Pfennig verteidigte in diesem Zusammenhang die zuletzt teilweise aus KVen kritisierte Entscheidung der apoBank, eine Verwahrgebühr für bestimmte Einlagen von Großkunden wie institutionelle Anleger und Standesorganisationen einzuführen.

Die Bank zahle bei der EZB für die geparkte Liquidität 0,4 Prozent Strafzinsen. Im Sinne der ökonomischen Stabilität müsse die Bank die Negativzinsen weitergeben, nachdem die getroffenen Absicherungsmaßnahmen 2015 ausgelaufen seien, betonte Pfennig.

Nicht nur die niedrigen Zinsen, auch der zunehmende Aufwand für regulatorische Projekte zehrt an den Gewinnen der Bank: Der jährliche Aufwand "kratzt knapp an der zweistelligen Millionen-Grenze", so Pfennig. Für 2016 erwartet Pfennig einen stabilen Jahresüberschuss bei allerdings sinkenden Zuführungen zu den Rücklagen.

Operativ hat sich das Geschäft im ersten Quartal bei Zinsüberschuss (minus 7,5 Prozent) und Provisionsüberschuss aufgrund des schwierigen Börsenumfeldes (minus 12,7 Prozent) rückläufig entwickelt.

Zu einer Herausforderung der kommenden Jahre werde auch die geplante IT-Migration, erläuterte Pfennig. Auch das Kerngeschäft der apoBank sieht der Vorstandsvorsitzende im Wandel.

"Wir können uns nicht davor verschließen, dass sich der Gesundheitsmarkt wandelt und mit einer rasanten Geschwindigkeit hin zu größeren Strukturen entwickelt", betonte Pfennig.

Existenzgründungen für Einzelpraxen und bewährte Kooperationen blieben für die Bank das "Ankergeschäft". Doch ihr Anteil am Gesamtgeschäft werde tendenziell kleiner. "Wir werden uns dem Trend des Marktes nicht entziehen können", resümierte der Vorstandsvorsitzende.

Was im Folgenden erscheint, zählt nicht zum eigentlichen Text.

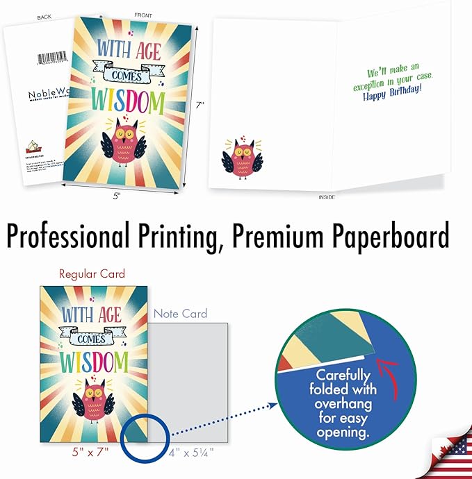 NobleWorks - Funny Happy Birthday Note Card with Envelope (4.63 x 6.75 Inch) - Bday Greeting Card for Women and Men - Congrats Bday Celebration Notecard - Age and Wisdom C9565BDG
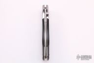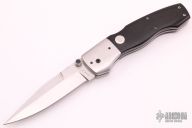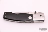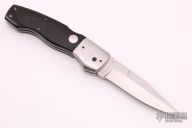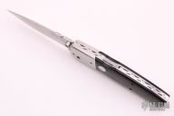This D/A lockback auto by Charlie Dake features a hand rub satin finished blade with false top edge and single black linen micarta inlaid thumbstud, fileworked blade spine. The handle has satin finished stainless steel dovetailed bolsters, black linen micarta scales, and stainless steel liners and backspacer with filework. Nice lockup, action and blade seating. #9451 on blade. Has some light scratches, otherwise excellent condition.
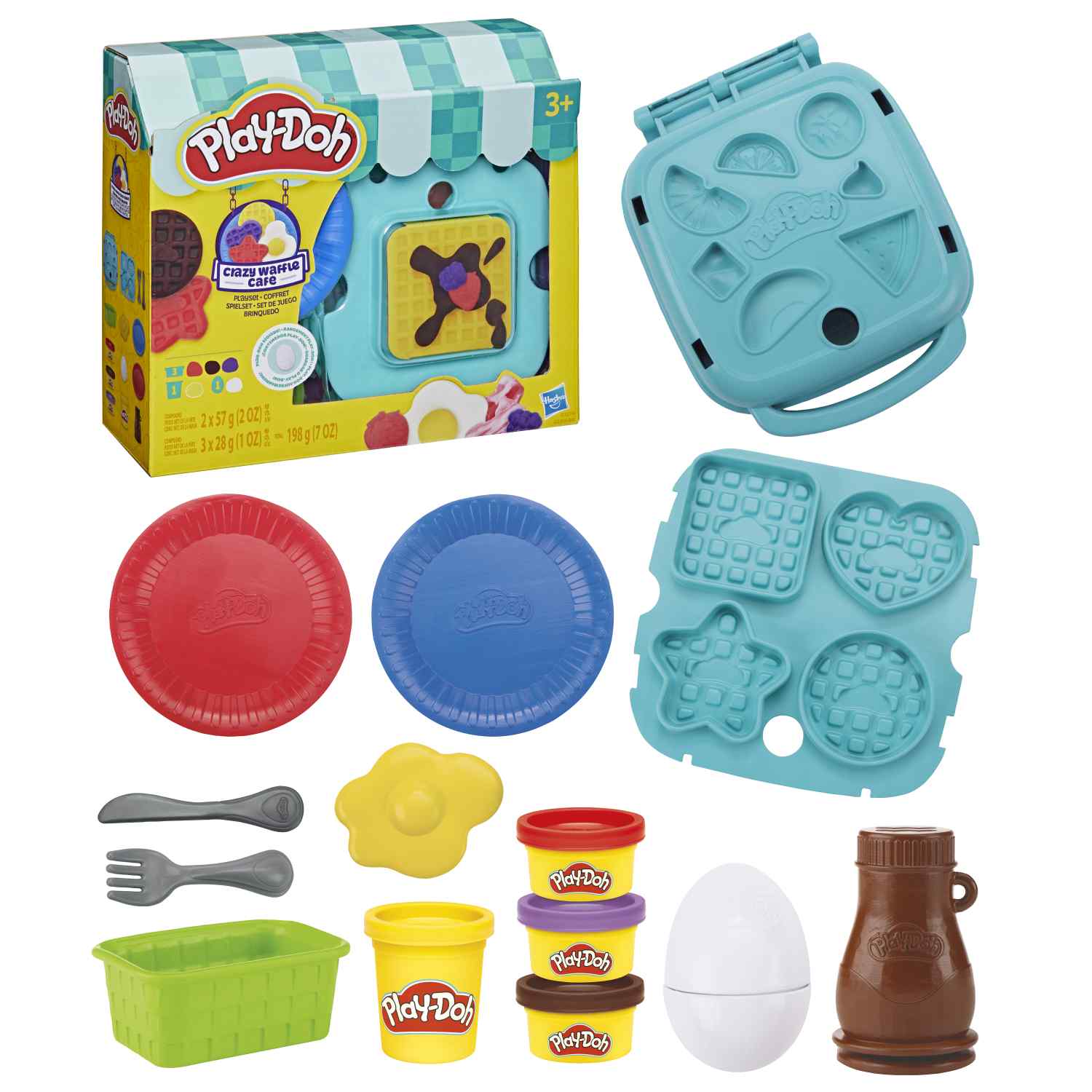 (HASBRO | Ages 3 years & up | Available at most major retailers starting 7/15/26)Have make-believe breakfast anytime with the Crazy Waffle Cafe Playset! This Play-Doh set has everything pretend chefs need for their next kitchen toy adventures. The waffle maker has a mold plate inside to make 5 different shapes, plus stamps on the bottom to make fun pretend toppings. Complete the creations with Play-Doh accessories like an egg stamper, pretend syrup bottle, and berry basket. Includes 4 colorful Play-Doh cans and an egg-shaped storage container for sensory play. Get imaginations cooking with a toy gift for all occasions like Christmas, holidays, non-candy Easter basket stuffers, or birthday gifts for girls and boys 3 years and up.
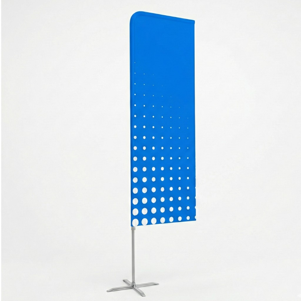 Prints are created from our ready-made templates or based on a design you submit. We also offer various base types, including those that can be driven into the ground, screwed into the ground, or with a rotator. A flag fluttering in the wind is a great advertising medium because it creates a unique and eye-catching look. These flags can be placed indoors, but they’re also suitable for beaches or ski slopes.
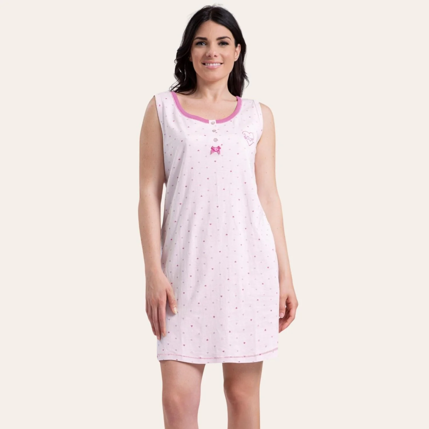 Ir1784 Canotta – Irge Camicia Da Notte 3 Bottoni Donna Spalla Larga In Jersey Puro Cotone

Strategisch setze die Bank neben dem Kerngeschäft weiter auf die Gewinnung von Neukunden unter angestellten Ärzten und Studenten, auf den Ausbau des Geschäfts mit Provisionen, etwa bei der Geldanlage und auf die Stärkung des Firmenkundengeschäfts.

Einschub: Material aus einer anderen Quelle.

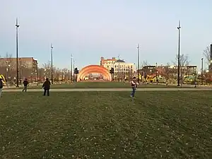 Gene Leahy Mall, also known locally as Central Park or The Mall, is a 9.6-acre (39,000 m2) park located at 1302 Farnam on the Mall in Downtown Omaha, Nebraska, U.S.A., and bordered by South 10th Street. There are also two huge slides, a sculpture garden, a remote-control boat cove, a large children's play area, and an amphitheater where outdoor concerts are held in the summer. The mall is decorated with thousands of lights during the winter holiday season.[1][2] Connected on its eastern edge with the Heartland of America Park, it is also borders the former site of the W. Dale Clark Library (demolished in fall 2022), the former Burlington Headquarters Building, the Old Market and the ConAgra campus.
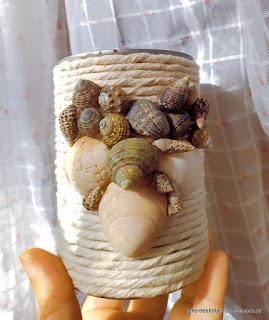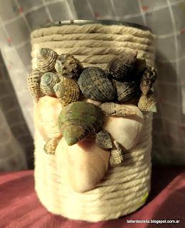 En mi caso he hecho una maceta de lata reciclada cubierta con cordón de algodón color crudo y decorada con un corazón de caracolas que tenía guardadas hace años de un paseo por las playas de Mar del Plata, Buenos Aires, Argentina 😊.
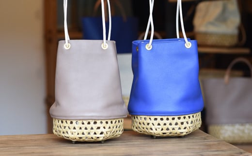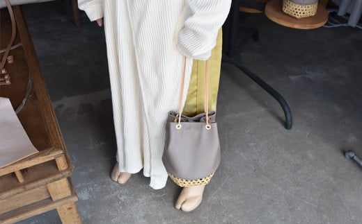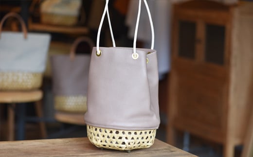 - 竹と牛革の巾着カゴバッグ ピンクベージュ|栃木県 益子町 ふるさと納税 日用品 バッグ 伝統品 カゴバッグ 巾着(BB003-2-1)
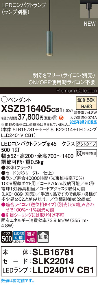 パナソニック XSZB16405CB1(ランプ別梱) ペンダント 調光 ライコン別売 LED(温白色) 配線ダクト取付型 拡散タイプ LEDコンパクトランプ交換型 ポタリーグレー [戻る]

Nach den Ereignissen der vergangenen Jahre und Rücktrittsforderungen aus Reihen der Ärzteschaft ist der ehemalige KBV-Vorsitzende Dr. Andreas Köhler nach elf Jahren aus dem Aufsichtsrat der apoBank zurückgetreten. Zu seinem Nachfolger wurde der aktuelle KBV-Vorsitzende Dr. Andreas Gassen für ein Jahr gewählt.